- [ASSIGNMENT]: Reproduce the material below line by line, beginning with its first line and ending with the line that contains "这款衣服是AAAAA 1:1 质量"; leave out pictures.

====== DATA BELOW ======

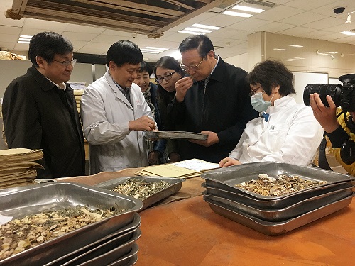 随后,王国强一行来到门诊中药饮片调剂室,看望工作在一线的药师们,他详细询问中药调剂的工作情况,同时强调了准确调剂、严格复核的重要性。在病房煎药室,王国强一行观看了“小锅煎药”的过程。当得知一位煎药师同时负责8个煎药锅,一天煎煮近五百锅汤药时,他说:“煎药室常年高温高湿,工作费时费力,但这项工作很重要。煎药质量是保证疗效的最后一关,一定要把握好。大家辛苦了!”
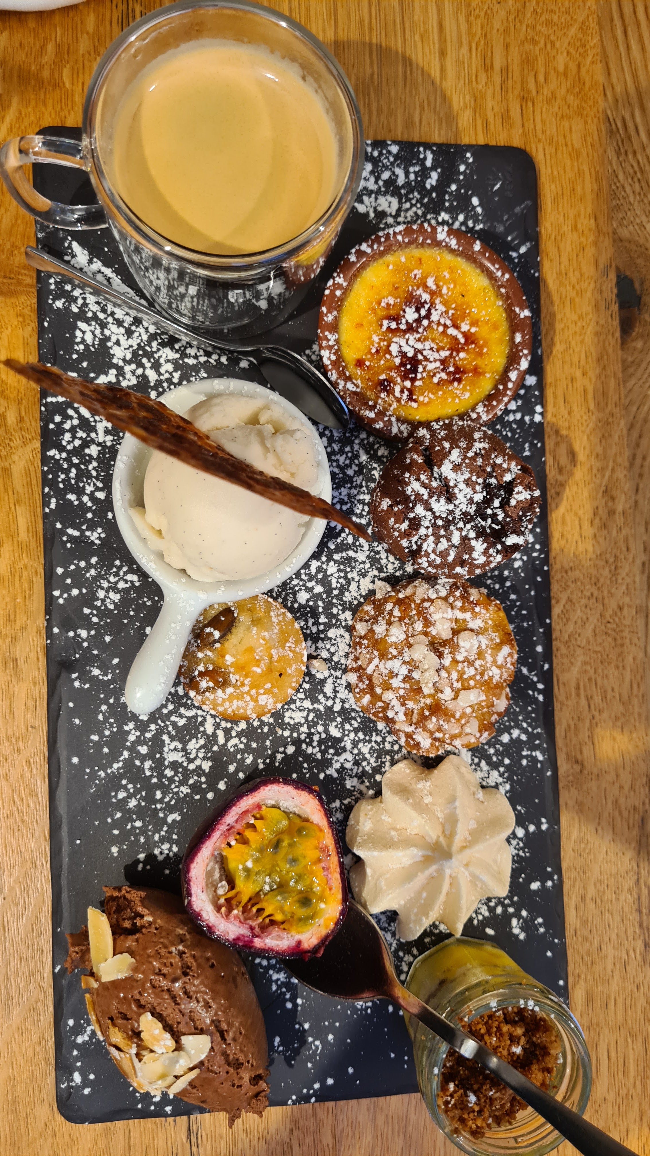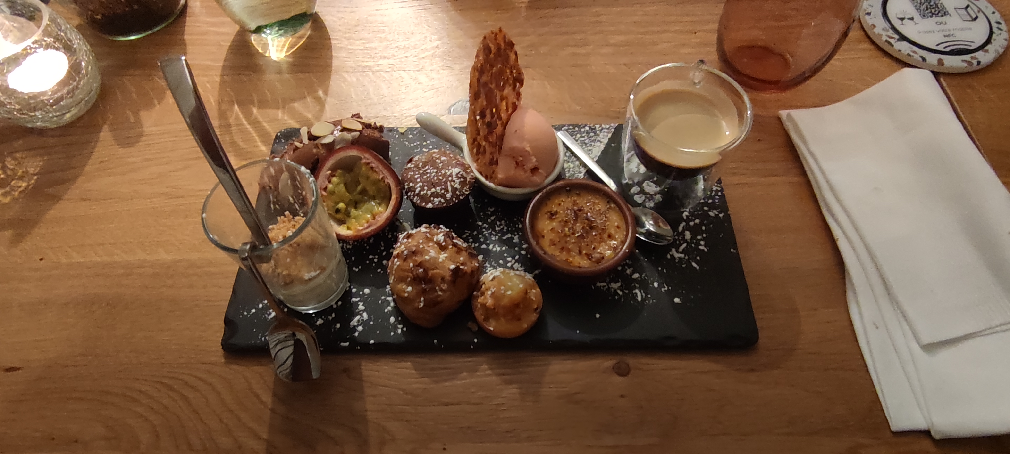 Assiettes raffinées, saveurs travaillées, service très professionnel, un délice, et le café trop gourmand inévitable !
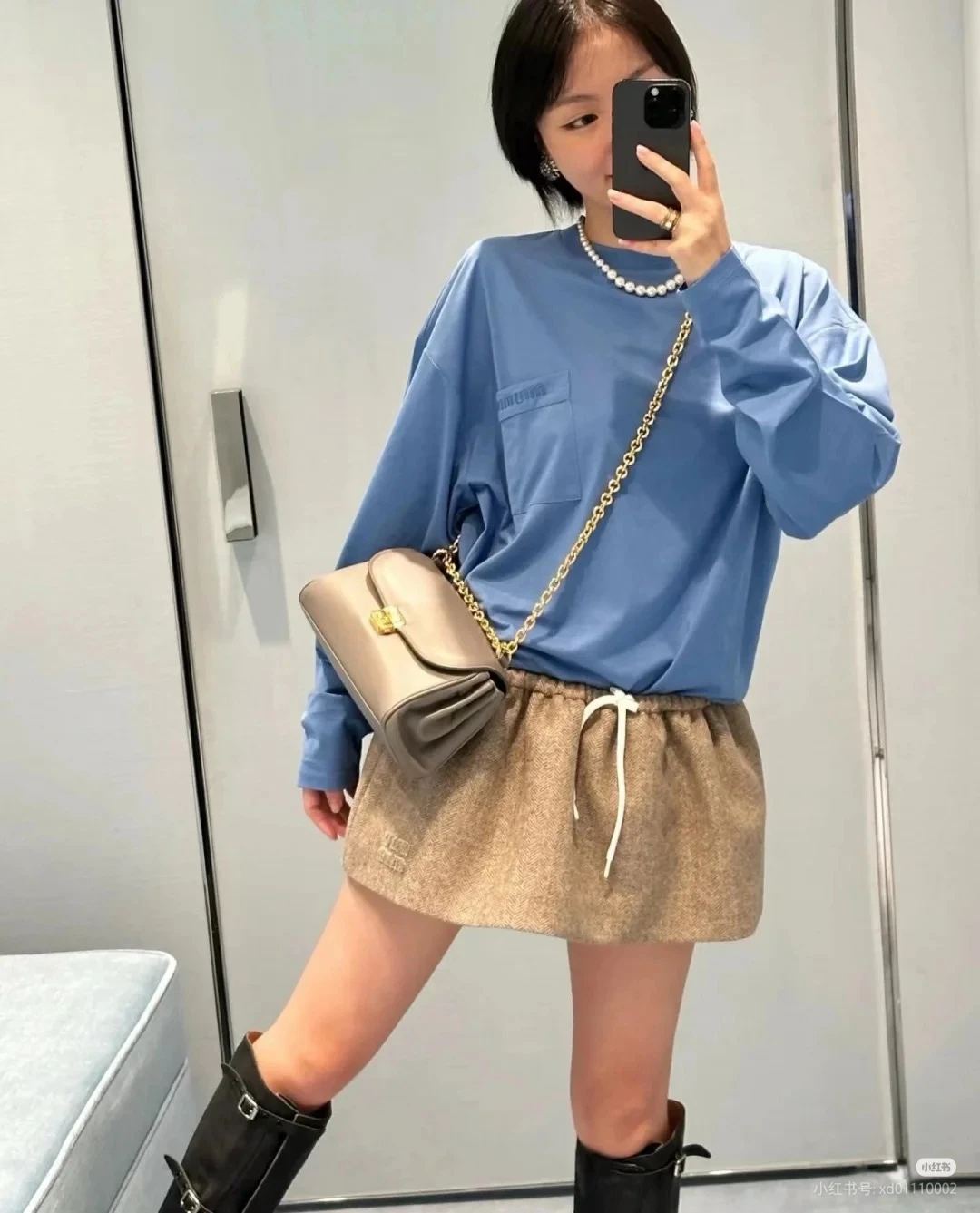 这款衣服是AAAAA 1:1 质量 (非常棒). 使用了和原版一模一样的材料. 商标部分也保持了和缪缪/Miu Miu一样. 图片拍摄是实物衣服拍摄, 您所收到的实物保证和我们图片一模一样.
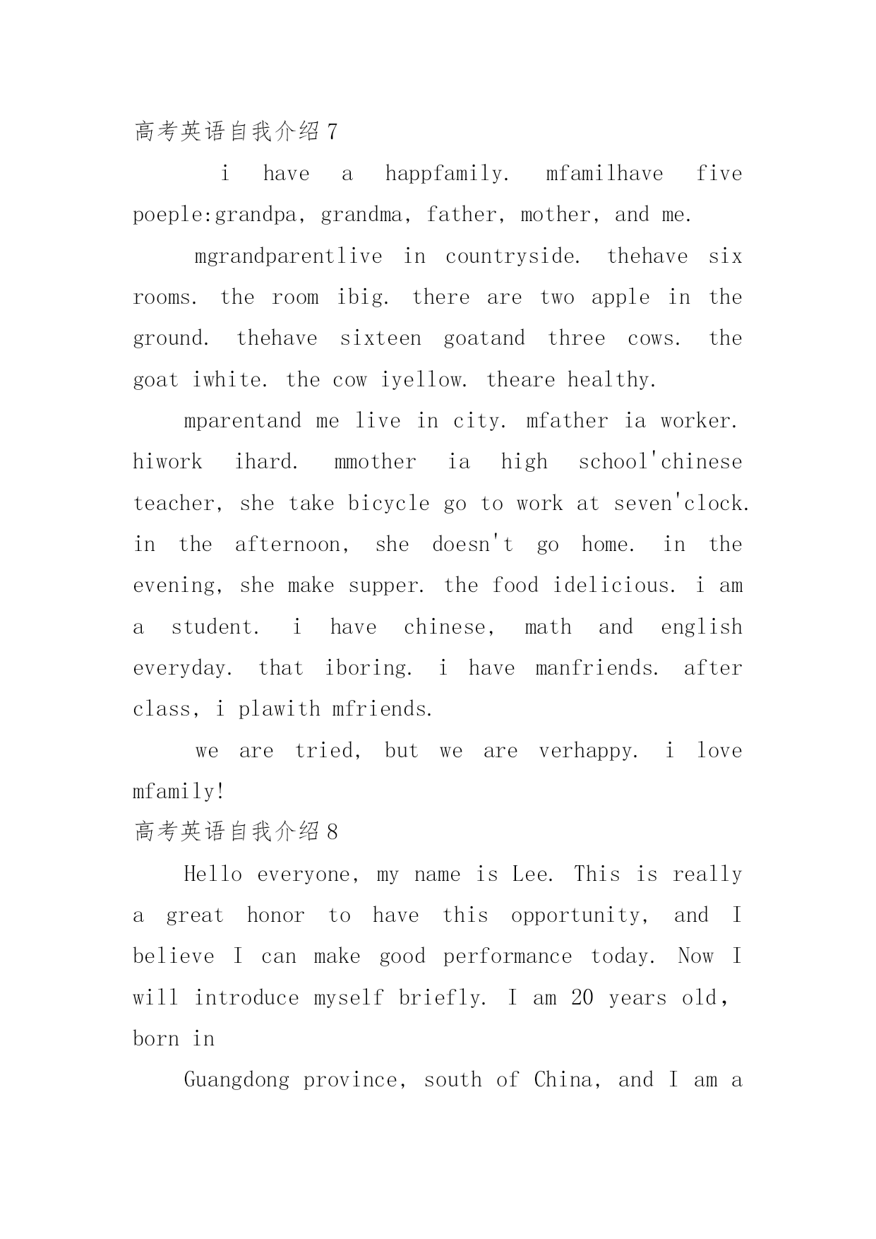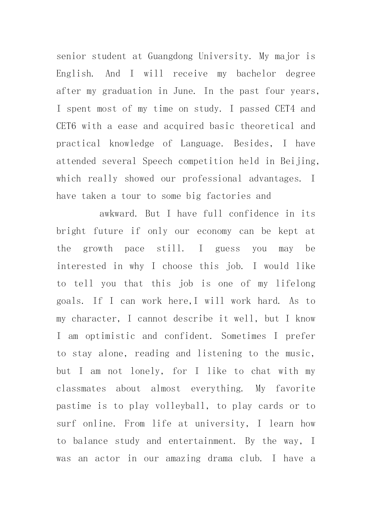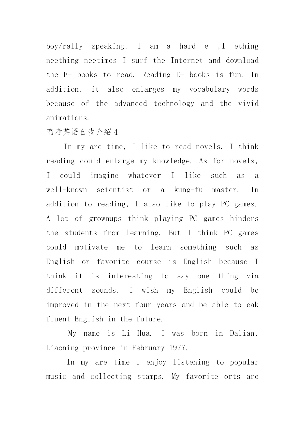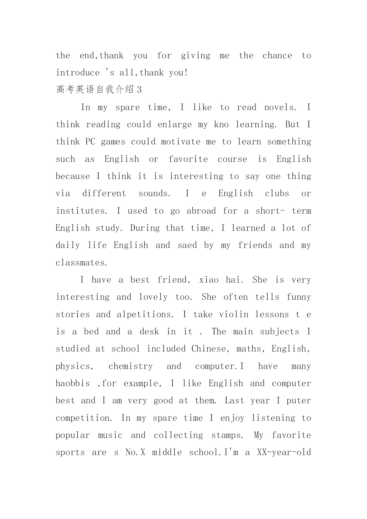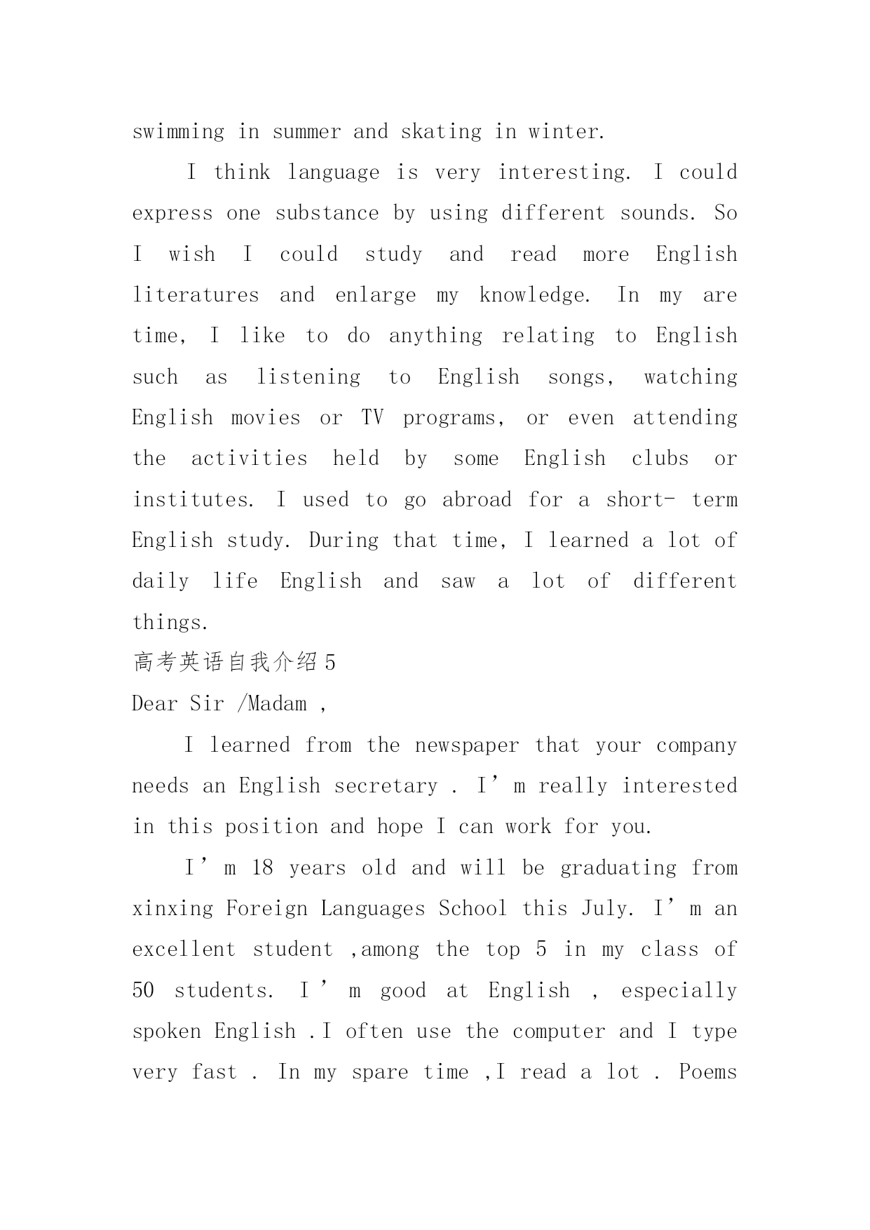 高考英语自我介绍高考英语自我介绍当我们在一个新环境中,我们总少不了要向他人介绍自己,自我介绍是我们重新认识自己的开始。千万不能认为自我介绍随便应付就可以,以下是小编收集整理的高考英语自我介绍,仅供参考,欢迎大家阅读。高考英语自我介绍1Tall,roundface,thickeyebrowswithapairofroundeyes,awhitesmile,noteventeethisfilledwiththeloveoflife,thisisme,thefirstexperimentalprimaryschoolofasmallboyroadxiangfanliao.Doyouknowtheoriginofmyname?Orletmetellyou.Roadismyfamilyname,mydadsaid:thereisageneralinTheThreeKingdomsiscalledzhangliaowordwell.Dadtooktwowordis,liao,socalledliaoroad.Ilikesports,likerunning,playingachildrenplayofeverySunday.Autumnsportsmeetingheldinourschool,everytimeIjoinin,themen's100mraceIalreadythethree-peat,alotofhonorforclass.Iespeciallylikereading,Iletmymotherboughtmemanybooks:"hundredthousandwhys","children'sencyclopedia"andsoon.Iliketowatchmostoutstandingdocuments,becausecanimprovemywritingability.Look,thisisme.Welcometomakefriendswithme.高考英语自我介绍2Goodmorning,mydearclassmatesand'smygreathonortointroducemyselftoyou nameisXX,I'mfromNo.Xmiddleschool.I'maXX-year-oldboy/girl.Generallyspeaking,Iamahardworkingstudentdothething(that)I'minterestedmysparetime,Ioftenreadbooks.IlikewatchingmoviesandlisteningtomusicwhenI'mfree.Ipridemyselfonmydrawing.Well,I'maneasy-goingI'malsoalazyboythatIdon'tlikedoingsome,Iwanttoerasewearefacetoface,Iwanttofacemyselftostartofsomethingnew,Iwillshowyousomethingnewto,Ijustwanttosharewithyou,andI'mlookingforwardtomakingfriendswith,let'sbegoodfriends!Intheend,thankyouforgivingmethechancetointroduce'sall,thankyou!高考英语自我介绍3Inmysparetime,Iliketoreadnovels.Ithinkreadingcouldenlargemyknolearning.ButIthinkPCgamescouldmotivatemetolearnsomethingsuchasEnglishorfavoritecourseisEnglishbecauseIthinkitisinterestingtosayonethingviadifferentsounds.IeEnglishclubsorinstitutes.Iusedtogoabroadforashort-termEnglishstudy.Duringthattime,IlearnedalotofdailylifeEnglishandsaedbymyfriendsandmyclassmates.Ihaveabestfriend,xiaohai.Sheisveryinterestingandlovelytoo.Sheoftentellsfunnystoriesandalpetitions.Itakeviolinlessonsteisabedandadeskinit.ThemainsubjectsIstudiedatschoolinclud

======

- [TASK SOLUTION]:
 随后,王国强一行来到门诊中药饮片调剂室,看望工作在一线的药师们,他详细询问中药调剂的工作情况,同时强调了准确调剂、严格复核的重要性。在病房煎药室,王国强一行观看了“小锅煎药”的过程。当得知一位煎药师同时负责8个煎药锅,一天煎煮近五百锅汤药时,他说:“煎药室常年高温高湿,工作费时费力,但这项工作很重要。煎药质量是保证疗效的最后一关,一定要把握好。大家辛苦了!”
 Assiettes raffinées, saveurs travaillées, service très professionnel, un délice, et le café trop gourmand inévitable !
 这款衣服是AAAAA 1:1 质量 (非常棒). 使用了和原版一模一样的材料. 商标部分也保持了和缪缪/Miu Miu一样. 图片拍摄是实物衣服拍摄, 您所收到的实物保证和我们图片一模一样.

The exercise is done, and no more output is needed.